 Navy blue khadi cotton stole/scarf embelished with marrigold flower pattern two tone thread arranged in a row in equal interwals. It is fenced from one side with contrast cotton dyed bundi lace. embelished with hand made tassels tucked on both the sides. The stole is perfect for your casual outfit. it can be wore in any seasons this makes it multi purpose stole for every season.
==
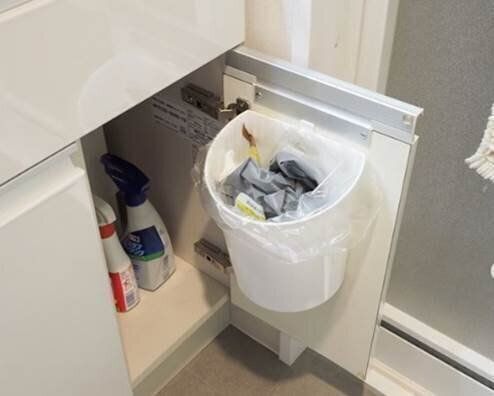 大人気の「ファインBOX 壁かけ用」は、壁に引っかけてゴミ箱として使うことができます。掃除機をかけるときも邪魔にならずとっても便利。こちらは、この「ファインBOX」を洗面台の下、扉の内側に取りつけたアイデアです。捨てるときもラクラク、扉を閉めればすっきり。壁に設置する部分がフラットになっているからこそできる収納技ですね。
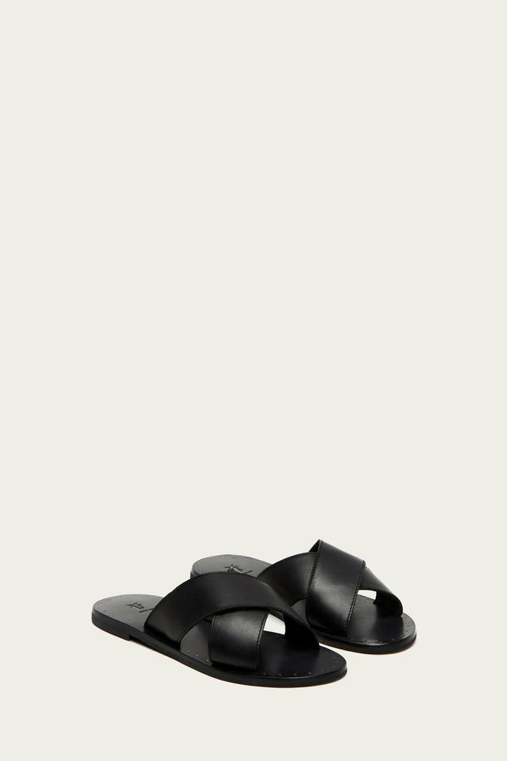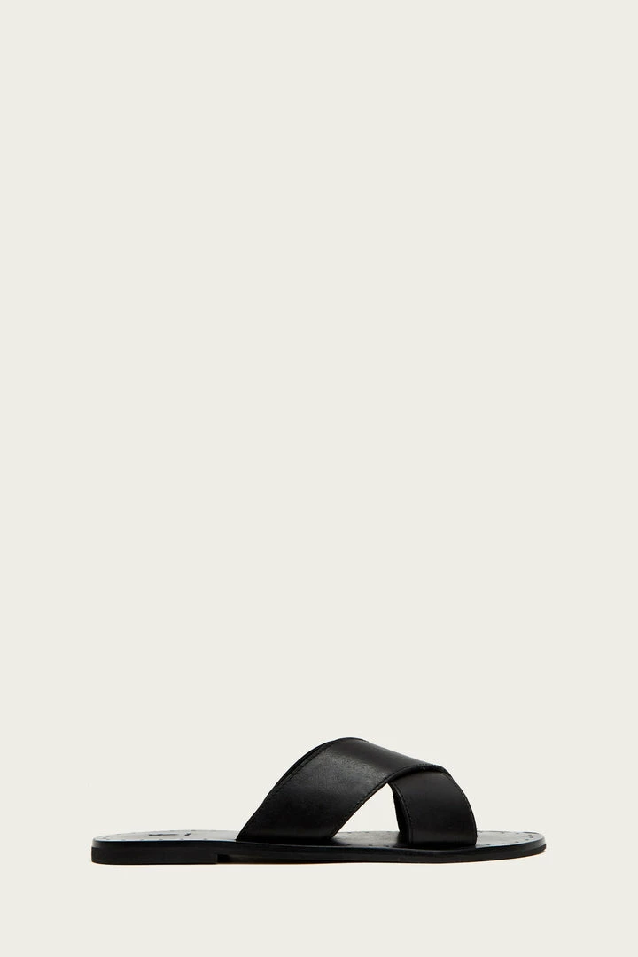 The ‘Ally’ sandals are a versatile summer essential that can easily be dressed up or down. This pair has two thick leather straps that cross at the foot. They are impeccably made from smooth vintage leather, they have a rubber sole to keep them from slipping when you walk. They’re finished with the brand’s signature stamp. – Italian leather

TASK STATEMENT ▸ Each line above that falls between the line with "大人気の「ファインBOX 壁" and the line with "The ‘Ally’ sandals" should be printed exactly, together with those two lines, but the pictures should not.

PROBLEM SOLUTION ▸
 大人気の「ファインBOX 壁かけ用」は、壁に引っかけてゴミ箱として使うことができます。掃除機をかけるときも邪魔にならずとっても便利。こちらは、この「ファインBOX」を洗面台の下、扉の内側に取りつけたアイデアです。捨てるときもラクラク、扉を閉めればすっきり。壁に設置する部分がフラットになっているからこそできる収納技ですね。
 The ‘Ally’ sandals are a versatile summer essential that can easily be dressed up or down. This pair has two thick leather straps that cross at the foot. They are impeccably made from smooth vintage leather, they have a rubber sole to keep them from slipping when you walk. They’re finished with the brand’s signature stamp. – Italian leather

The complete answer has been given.